U

□51
3ページ/3ページ



私の手をとり自分の頬へあてて安堵の表情を浮かべる。

...これは誘われているのだろうか。
まぁひとみに限ってそんなことはないだろうが...

というようなことが今日は多すぎる。



素直になって甘えてくれるのは嬉しくてたまらんが、こうまで甘えてくれるとなると

生理初日は危険だな、彼女の身が...

今日そばにいられるのが私でよかった。

他の男にもこの顔を見せるのだとしたら、とても冷静ではいられんだろう。
その光景を想像しただけでも黒く醜い感情に覆われてしまいそうだ。



「ロイ、眠くない?」



眠そうに眼をしばしばと瞬きを繰り返しながらとろけそうな力の入っていない声で聞いてくるひとみは、眠さも極限まできているのだろう。
目を開けているのもやっとのようだ。

生憎、貴女が可愛過ぎて興奮してしまうわ、色んな感情が渦巻いてくるわで眼が冴えてしまった。
などと言えるわけもなく、簡潔にNOの返事をしようと口を開ける。



「いや、今は微塵も眠く、」

「一緒に寝よ?」

「...は?」

「ロイ、あったかいから、ちょっと大きいけど人間カイロになってくれたらきっと痛みもマシになると思うの。」

「えっ、いや...え??」

「きまりー。じゃあ早く布団はいってー。

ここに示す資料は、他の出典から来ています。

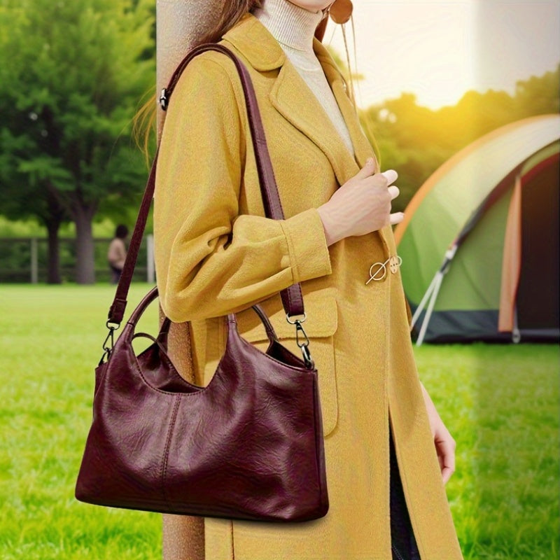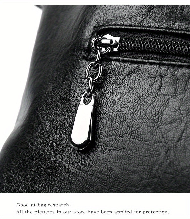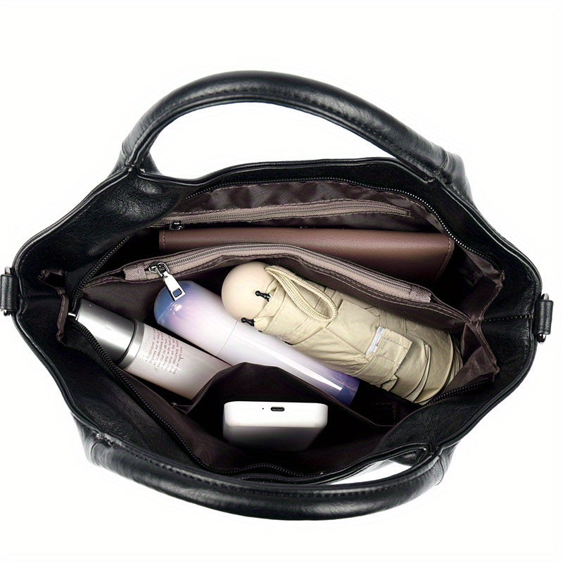 Women'S Stylish Black Leather Tote Bag - Large Capacity, Multi-Compartment Design with Zipper Closure, Perfect for Work, Travel, and Everyday Use, Travel Tote Bag | Versatile Shoulder Bag | Durable Zipper Closure, Large Tote
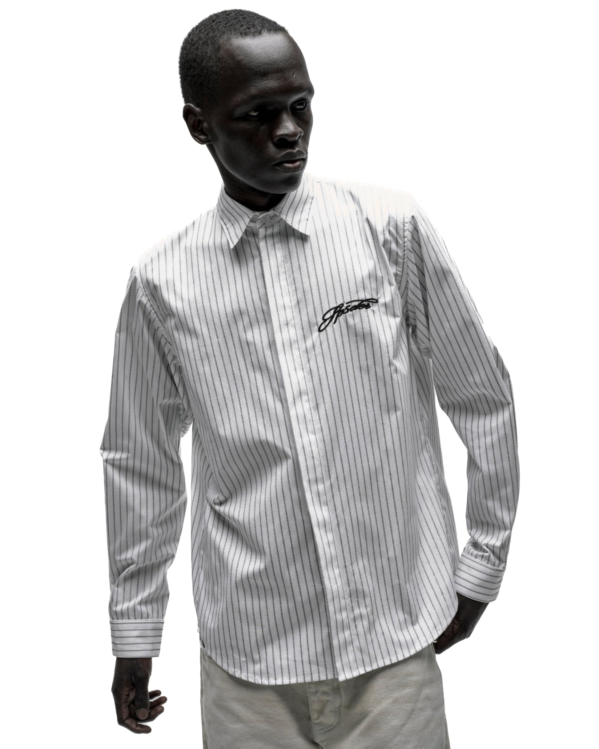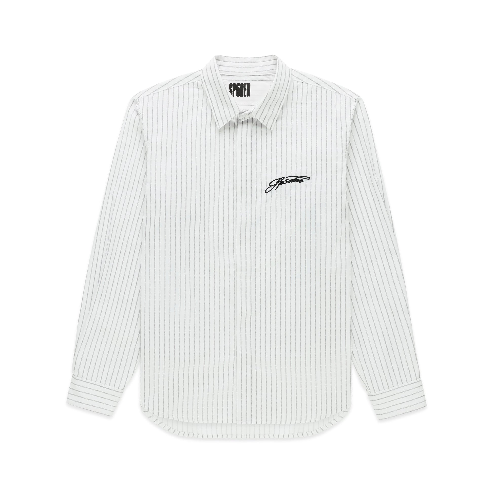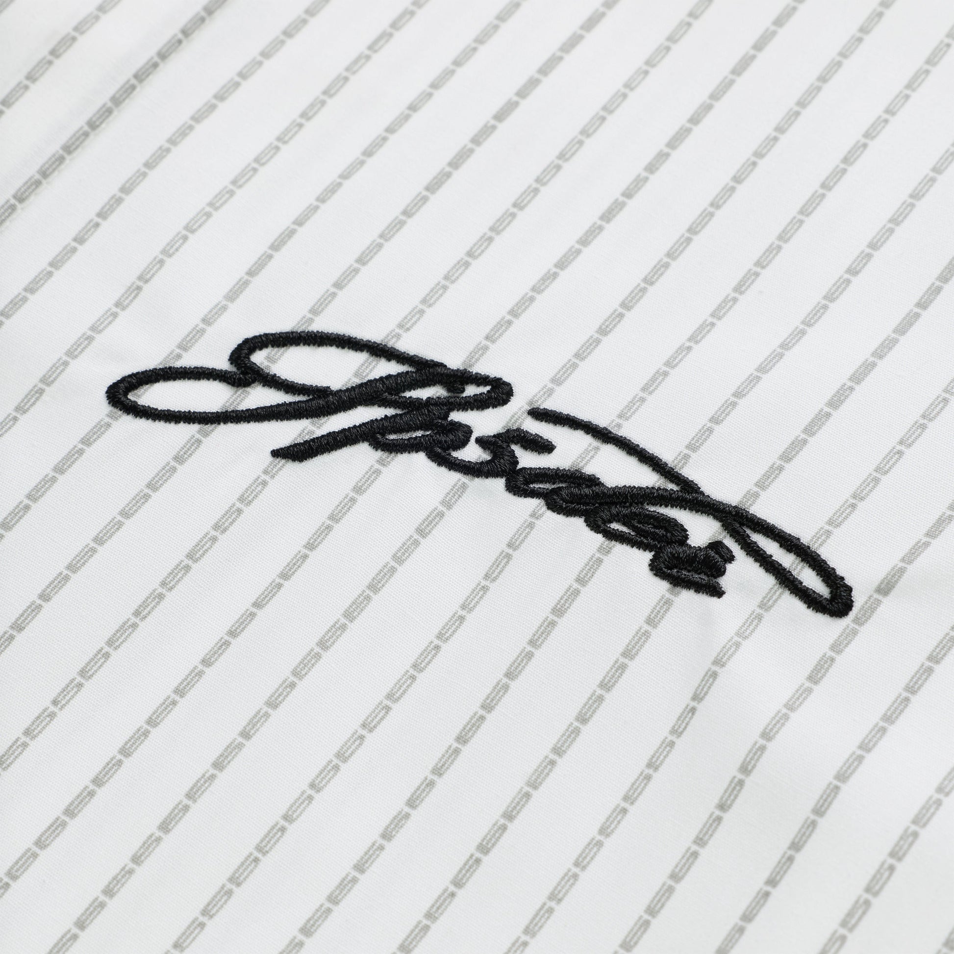 Embroidered script logo on chest.

」

「いやっ、あの、しかしだな、」



口を開けたものの、またも遮られる。

いや、
本当にもう現状把握が追いつかないです。

だって
和真は?
再会できないであろう別れが待っているのがわかっているのに、
これ以上近づくのは自殺行為じゃないか?
私にとっても、おそらくひとみにとっても。

風邪でもひいたのかというくらい、顔にも頭にも熱がこもるし、破裂してしまいそうだ。
体もこれでもかというほど固まっているのに、全身が心臓になったかのように激しく脈打っている。

頭の中には根付いていた疑問が飛び交い、
体は馬鹿正直に反応する。

あぁ、これでもかというほどに動揺しているさ。



布団に入ってと、掛け布団をめくったひとみは私の手をひくものの、硬直した体は固く動こうとしない。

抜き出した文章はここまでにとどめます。